In the case of Home Chat, the aberration lasted close to 90 years, between a West End production produced by Basil Dean and this highly enjoyable revival directed (note the change in terminology) by Martin Parr.
For those interested in literary history, the play fits into the Coward chronology roughly half way between Hay Fever and Private Lives.
It takes a little time for this satire on hypocritical British ideas of morality to get going, as the audience is introduced to a houseful of dullards at the book-lined home of Tim Chipping's "celebrated novelist", the surprisingly unworldly Paul Ebony.
A couple of ageing widows (played by Polly Adams and Joanna David) and an admiring lady of a certain age all speak disdainfully in those clipped tones that are associated with this playwright. Mind you, even Robert Hazle's eye-rolling butler sounds as if he only recently came down from Eton but can be forgiven (one of the evening's major themes) since he sings a trio of the Master's classics tunefully between acts. Oddly, the highly appropriate “Mad Dogs and Englishmen” does not form part of his repertoire.

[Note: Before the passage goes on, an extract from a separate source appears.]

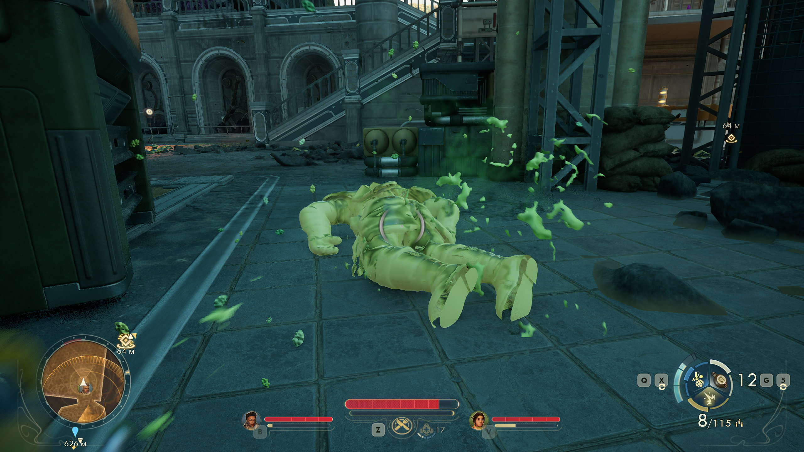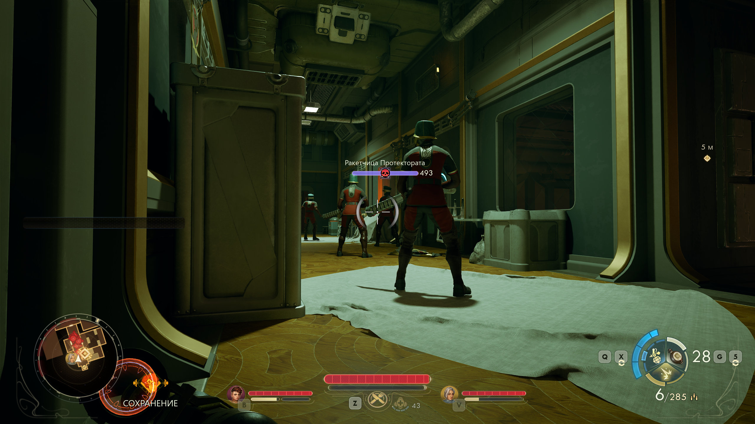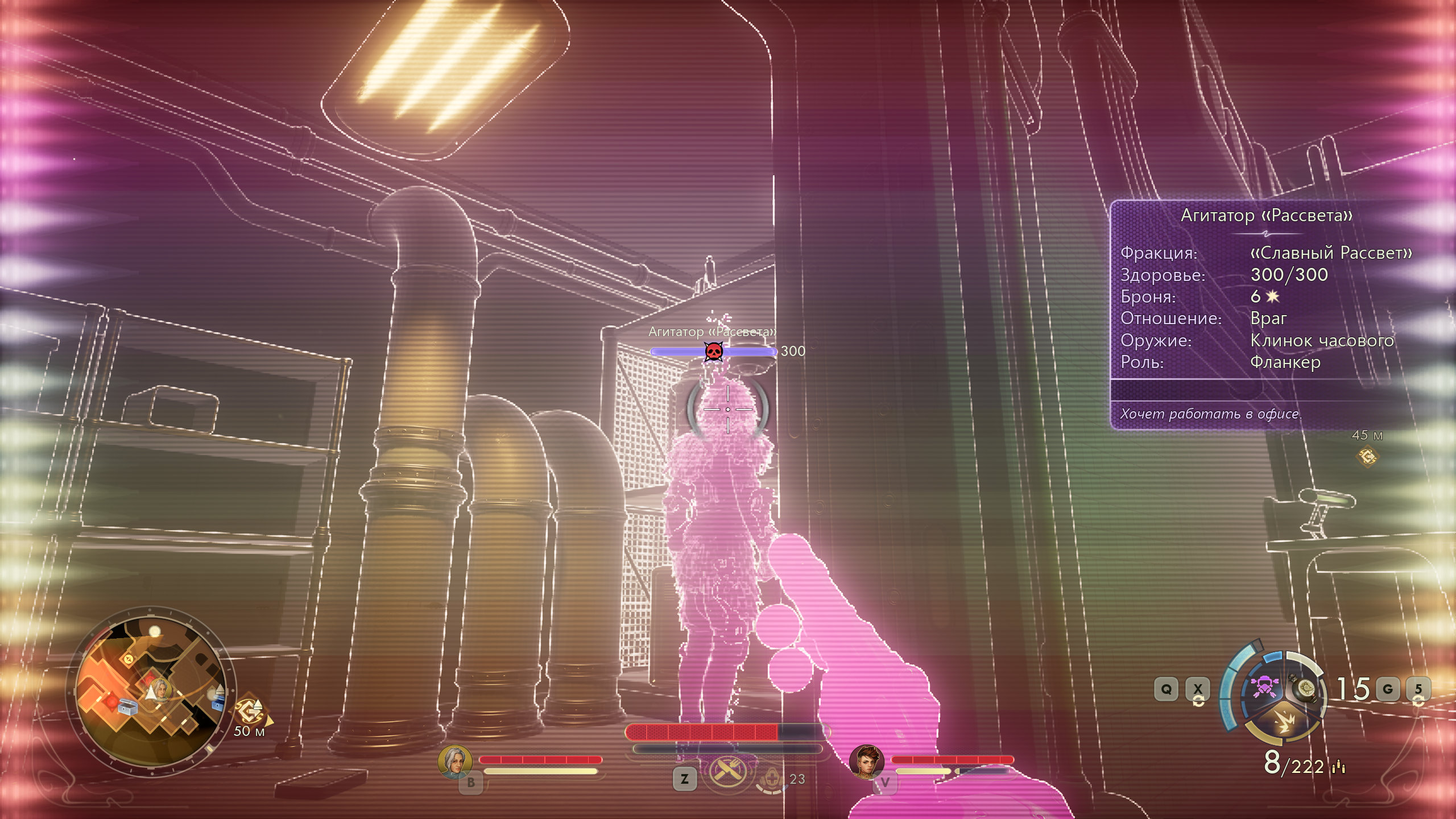 Даже если вы не прокачивали скрытность, все равно можно подкрасться к противнику и нанести бонусный урон Нелинейность The Outer Worlds 2 строится сразу на нескольких уровнях. Вы выбираете как стиль прохождения, так и сторону, к которой присоединиться (или пойти против всех). Локации зачастую предлагают множество ходов, а в лучшие свои моменты напоминают Deus Ex с его многоэтажными комплексами, различными путями и удобно проложенными вентиляциями. Чаще всего это важные сюжетные миссии, в которые явно вложили весомую часть бюджета. Остаться исключительно пацифистом вряд ли получится, но подход к сражениям вы тоже выбираете сами. Ближний и дальний бой могут быть одинаково эффективны, и оба хорошо проработаны. Стрельба стала еще приятнее — каждый выстрел отлично ощущается, особенно из крупного калибра. Впрочем, ничем не хуже возможность огреть врага огромным двуручным молотом. Или оставаться незамеченным, вырезая противников тычками в спину или с помощью оружия с глушителем, словно Сэм Фишер. К сожалению, искусственный интеллект противников остался на прежнем (невысоком) уровне. Они по-прежнему глуповатые, а единственное, что вызывает у них подозрение — это труп товарища. К счастью, теперь можно обзавестись гаджетом, который буквально растворяет бездыханные тела, позволяя заметать следы преступлений. По-прежнему можно замедлять время, а из новинок — временный энергетический щит как у Мастера Чифа, и сканер окружения, подсвечивающий слабые места врагов и некоторые секреты. Последняя составляющая сражений — напарники. Всего в команду «Инкогнито» можно завербовать шестерых бойцов. Как и раньше, с собой можно брать до двух соратников, каждый из которых обладает уникальным умением и особенностями. Прокачиваются они вместе с главным героем, и каждые пять уровней открывают новые способности. Причем они не только становятся эффективнее в бою, но и могут закрыть некоторые слабости протагониста. Например, Тристан подсвечивает тайные ходы, если вы не прокачали наблюдательность, а робот В.Э.Л.Е.Р.И усилит лечение. Разумеется, кроме посильной помощи на поле боя, товарищи со временем поделятся своими скелетами в шкафах и пройдут через собственные сюжетные линии. Если вы захотите принять в них участие, конечно же. Они получились в целом… удовлетворительными. Каждый участник команды представляет отдельную фракцию из мира игры. Их истории развиваются параллельно основным событиям и даже пересекаются с ними. Помощь напарникам порой открывает новые пути для прохождения. Но никого из них я не могу назвать по-настоящему ярким и запоминающимся. * * * И это, наверное, главная беда самой The Outer Worlds 2. Разработчики действительно проделали работу над ошибками и улучшили практически каждый аспект прошлой игры. Не кривя душой, скажу: сиквел получился и масштабнее, и глубже первой части. Миры больше и красивее. Ролевая система более продуманная и гибкая. Ваш выбор влияет как на игровой процесс, так и на историю, и на судьбы персонажей. Перечислять все достоинства и улучшения можно еще долго. Но игре не хватает какого-то последнего шага, чтобы стать выдающейся. Она все еще слишком безопасная. Ей не хватает дерзости и вызова. Или хотя бы вау-моментов. В одном из интервью Obsidian призналась, что студия берется только за те проекты, которые способна реализовать. Может, им

This well-made, 2½-hour-long, three-act comedy of manners takes off with the arrival of the deliciously acidic Zoë Waites as Paul's wife Janet and Richard Dempsey playing Peter Chelsworth.
Their return has been prefigured first by some clever stage trickery in depicting a train crash, which they miraculously survive, with no more than a small model and fearsome sound effects, courtesy of sound designer Pete Malkin. Thereafter, the priggish moralising of the prurient company makes clear what isn't.
Their accusations of adultery against Janet and Peter would have fired up jazz age audiences as they never can today.
Even so, the genuine shock is clearly conveyed, although it is tempered by disbelief, since the accused pairing are so obviously both brazen and enjoying themselves at the expense of their friends.
Noël Coward knows how to capitalise on situations of this type to the maximum, creating a kind of inverted farce by the short third act, which pokes fun at the outraged with barely suppressed glee.
The efforts of both designers, Rebecca Brower, whose set looks lavish and provides drama on its own account in the final scenes, and Charlotte Espiner, with convincing period costumes, are worthy of note.
While some of the supporting acting cannot match the leads, Richard Dempsey and especially Zoë Waites give excellent performances brimming with Coward's trademark comic understatement.
All in all, Home Chat is a splendid rediscovery and it is almost unnecessary to say that the Finborough has done it again, finding yet another gem that should never have been neglected.